> _What the exercise asks_
Begin your copy at the line that holds "EU Settlement Scheme –" and carry it through the final line of the data, writing out each line exactly and omitting pictures.

> _Supplied information_
┄┄┄┄┄┄┄┄┄┄┄┄┄┄┄┄┄┄┄┄
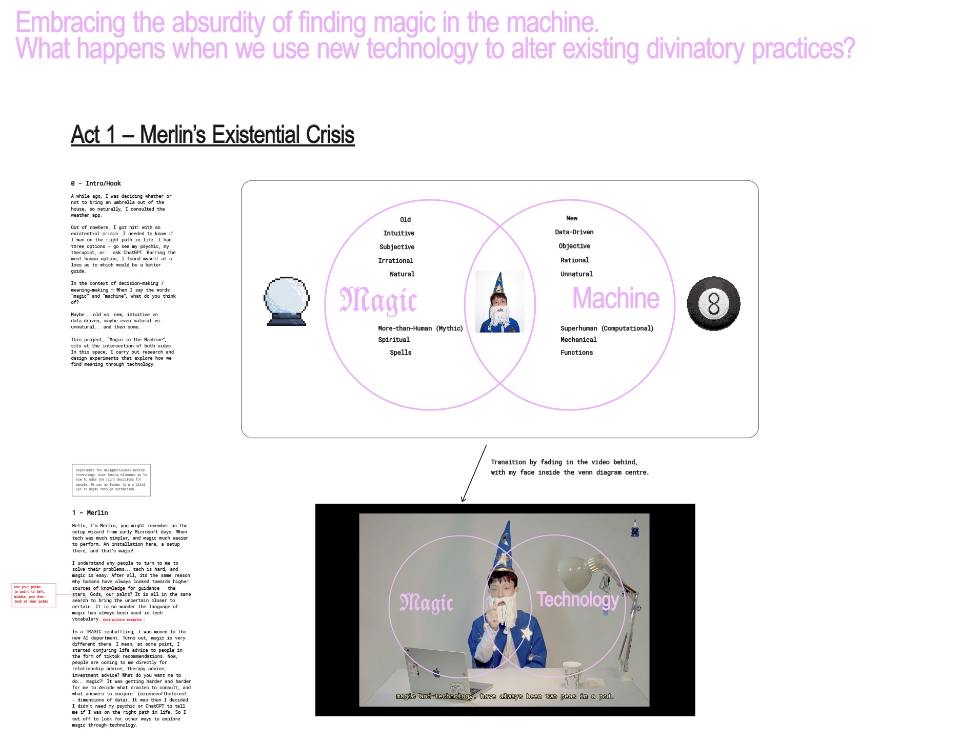 Realising that the clips I had last week were either too long-winded or vague, I re-wrote a script that takes place over 3 acts for "Merlin's Existential Crisis" – to explain the journey of the oracles through...well, Merlin's existential crisis.
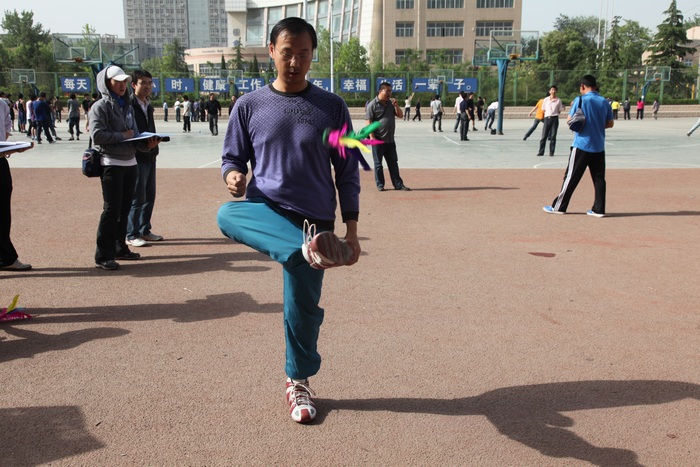 春风和煦旌旗飘,士气高涨鼓瑟鸣。在全体运动员、裁判员和工作人员的共同努力下,经过两个下午紧张激烈地角逐,我院2012年教职工春季运动会于4月27日圆满落幕。运动会以“我运动、我健康、我快乐”为主题,设有男女踢毽子、投篮、徒步3个个人项目和男女混合手足情、同舟共济、穿梭传球3个集体项目。全院23个分会共900余名教职工参加了比赛,500名教职工获得了不同名次和奖励。 所有比赛项目中,男女混合穿梭传球、男女混合手足情、男女混合同舟共济三项比赛对个人技巧、团队协作都有很高的要求。各分会不但派出了队员积极参赛,还组织了啦啦队和后勤队。现场竞争激烈、气氛热烈,加油声、助威声、喝彩声此起彼伏。男女徒步4000米预决赛实际参赛人数达到了72人,刷新了参赛人数的历史记录。整个比赛过程中所有运动员严守规则,无一人违规。广大教职工充分发挥潜力,切实达到了崇尚体育、重视健身、全员运动的目的。
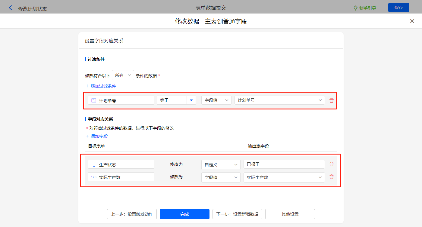 名称为修改生产状态,新增修改数据的执行动作,选择修改【生产计划】表单,选择对应过滤条件,以及需要修改的字段,设置好点击【完成】并保存该数据助手;
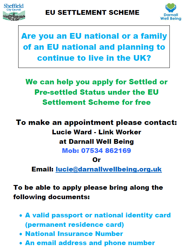 EU Settlement Scheme – assistance available through Darnall Well Being Opportunity Darnall Well Being August 29, 2019 1 Minute Darnall Well Being is offering EU nationals and their families support applying for the EU Settlement Scheme. Share this: Click to share on X (Opens in new window) X Click to share on Facebook (Opens in new window) Facebook Like Loading... Related Published August 29, 2019
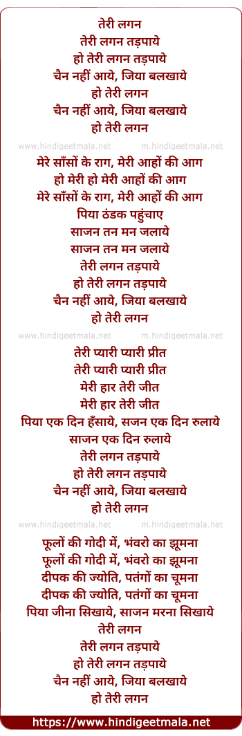 Lyrics of Teri Lagan Tadpaye Chain Nahi Aaye - तेरी लगन तड़पाये चैन नहीं आये
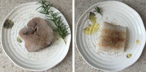 化冻之后,将鳕鱼块双面撒上黑胡椒和海盐,腌制20分钟,同时也在室温环境中进一步化冻。
┄┄┄┄┄┄┄┄┄┄┄┄┄┄┄┄┄┄┄┄
> _Response for this exercise_
 EU Settlement Scheme – assistance available through Darnall Well Being Opportunity Darnall Well Being August 29, 2019 1 Minute Darnall Well Being is offering EU nationals and their families support applying for the EU Settlement Scheme. Share this: Click to share on X (Opens in new window) X Click to share on Facebook (Opens in new window) Facebook Like Loading... Related Published August 29, 2019
 Lyrics of Teri Lagan Tadpaye Chain Nahi Aaye - तेरी लगन तड़पाये चैन नहीं आये
 化冻之后,将鳕鱼块双面撒上黑胡椒和海盐,腌制20分钟,同时也在室温环境中进一步化冻。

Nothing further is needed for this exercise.